Evidence—Statement Not an “Assertion” is not Hearsay

State v. Palmer, 628 Ariz. Adv. Rep. 8 (App. Div. II, February 17, 2012) (J. Brammer)


The defendant crashed his motorcycle and was taken to the hospital. A hospital employee found a bag of white rocks which turned out to be methamphetamine in a back pack that was brought into defendant's hospital room from the ambulance. Later two women friends of the defendant came into the hospital room and said, “where is your backpack?” to the defendant then left the room with the same backpack that had contained the meth. At trial the defendant claimed he never possessed meth and that the state failed to prove the backpack where meth was found belonged to him. He appealed his conviction on the basis the court wrongfully let the statement “where is your backpack?” into evidence in violation of the hearsay rule. The Arizona Court of Appeals affirmed.

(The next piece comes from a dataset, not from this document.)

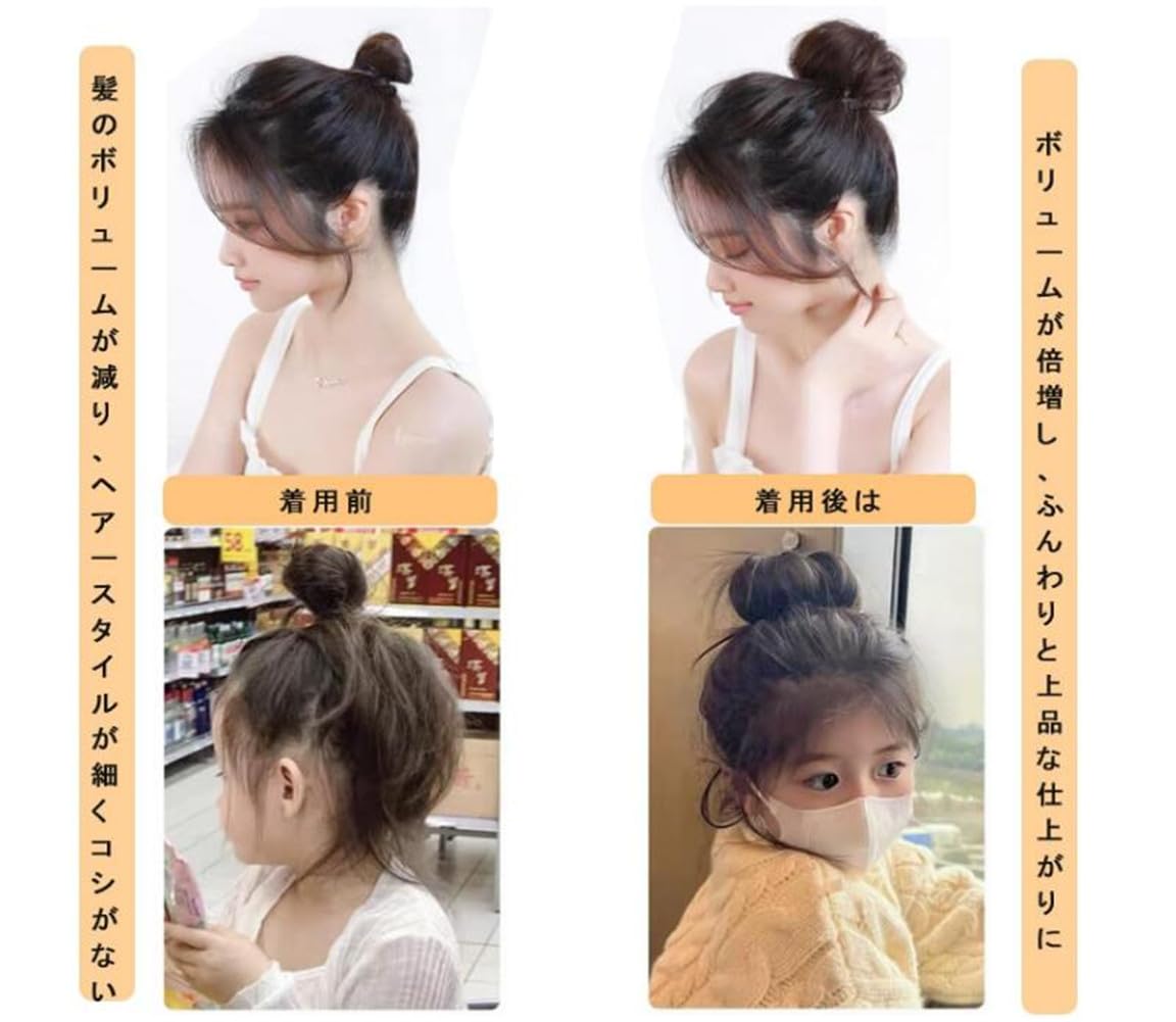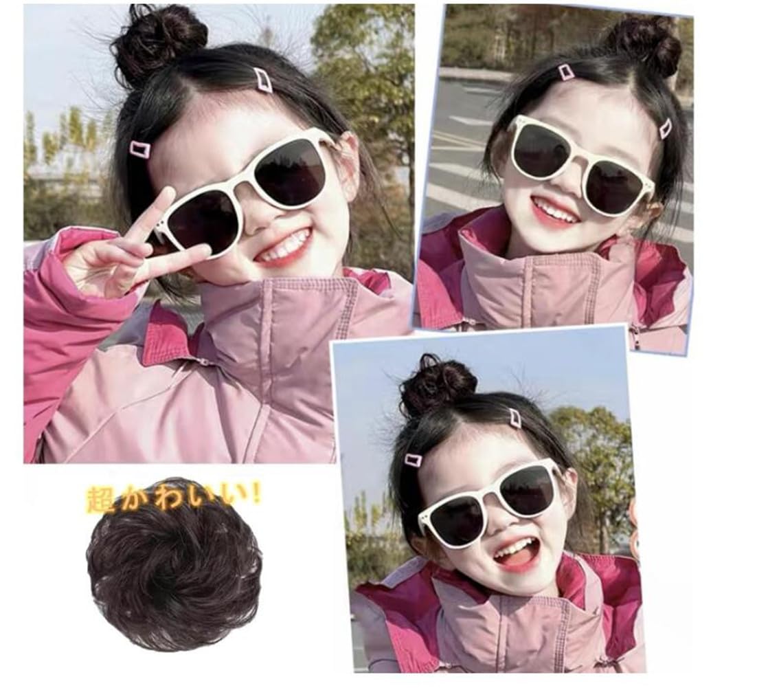お団子ウィッグ シュシュ ウィッグ お団子 ポイントウィッグ ゴムバンド 和装 シニヨン 髪飾り カール シニヨン キッズ レディース 可愛い 着物 装着簡単 自然感 七五三 髪飾り 結婚式 成人式 (B)
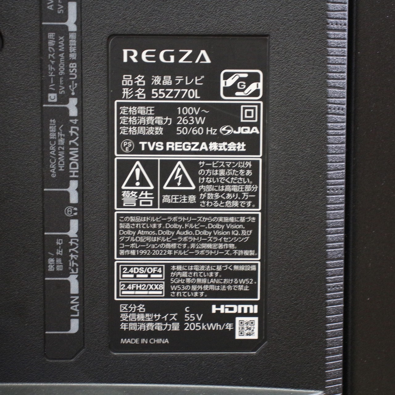 〔展示品〕 液晶テレビ REGZA(レグザ) 55Z770L [55V型 /Bluetooth対応 /4K対応 /BS・CS 4Kチューナー内蔵 /YouTube対応]

The court held: “The statement the women made was not intended as an assertion and thus was not inadmissible hearsay. Hearsay is "a statement, other than one made by the declarant while testifying at the trial or hearing, offered in evidence to prove the truth of the matter asserted." Ariz. R. Evid. 801(c). A "statement" is further defined as either "an oral or written assertion" or "nonverbal conduct of a person, if it is intended by the person as an assertion." Ariz. R. Evid. 801(a).2 "[W]ords or conduct not intended as assertions are not hearsay even when offered as evidence of the declarant's implicit belief of a fact."